THE ELEPHANT IN THE ROOM, SORRY, I MEAN REPORT!

 It’s with interest that I note today that the ABC has picked up on a point first touched on in this Blog back in July of this year.  Today, fired up by commentary from one of the larger Forensic Accounting firms, the ABC has focused on the Big 4 Accounting firms’ involvement with the banks and the nature, appropriateness, and independence of their relationships.

Personally I consider it unfair to specifically pick out just those four because there are others, but what is true is that the number is very limited.  It is also not just accounting, but also other professional fields.  Regardless of the totality the preferred advisor group is, in the big scheme of things, very small.

What is also interesting though is the fact that many of this same group boast the provision of significant guidance and professional services to government, and in particular the regulatory bodies being highlighted in the Hayne Royal Commission.

Beyond this at least some of the regulatory bodies have had employees of these firms on board as ‘seconded staff’, which interestingly would have also been the case within the banking fraternity.  I certainly can’t quote an example of someone who was seconded to both a bank and a government department, but the potential existence of same leaves the mind boggling!

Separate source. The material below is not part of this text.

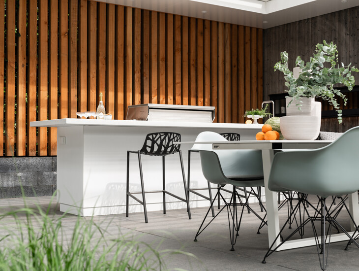 Bei COOXS legen wir großen Wert darauf, die Außenküche harmonisch in Ihr Gartendesign zu integrieren. Eine Küche ist schließlich kein isoliertes Element, sondern Teil des gesamten Gartenerlebnisses. Eine weiße Außenküche passt zu vielen Gartestilen. Haben Sie einen Ibiza-Garten mit vielen hellen Farbtönen oder eher einen Garten mit viel Grün? Es ist wichtig, den exakten Weißton genau auf den Stil Ihres Gartens abzustimmen, um das perfekte Endergebnis zu erzielen.

Going even further, former employees of these advisers are welcomed into the Public Service and may remain therein, but are also just as likely to later return to the halls of public practice.

I know in my role I have had to deal with situations where the advisors to the banks got things seriously wrong.  The thing that always puzzled me was, that notwithstanding the seriousness of the error, the same advisors were still on the relevant panel twelve (and more) months later.  If I hiccupped in the wrong place I was made very aware of the fragility of my position; it’s just the way it went.   As an example of the sentiment, a reportedly true story involved one of the other members of my profession who when confronted by the stance of a bank on the occasion in question, turned around and dropped his trousers, bent over and uttered words to the effect of “if you’re going to do it, you might as well do it properly”.  There was no response.

The void highlighted by the interim report is the absence of information of who guided, advised and designed the activities of the key players.  No doubt though, that will make the future volumes even more interesting to read.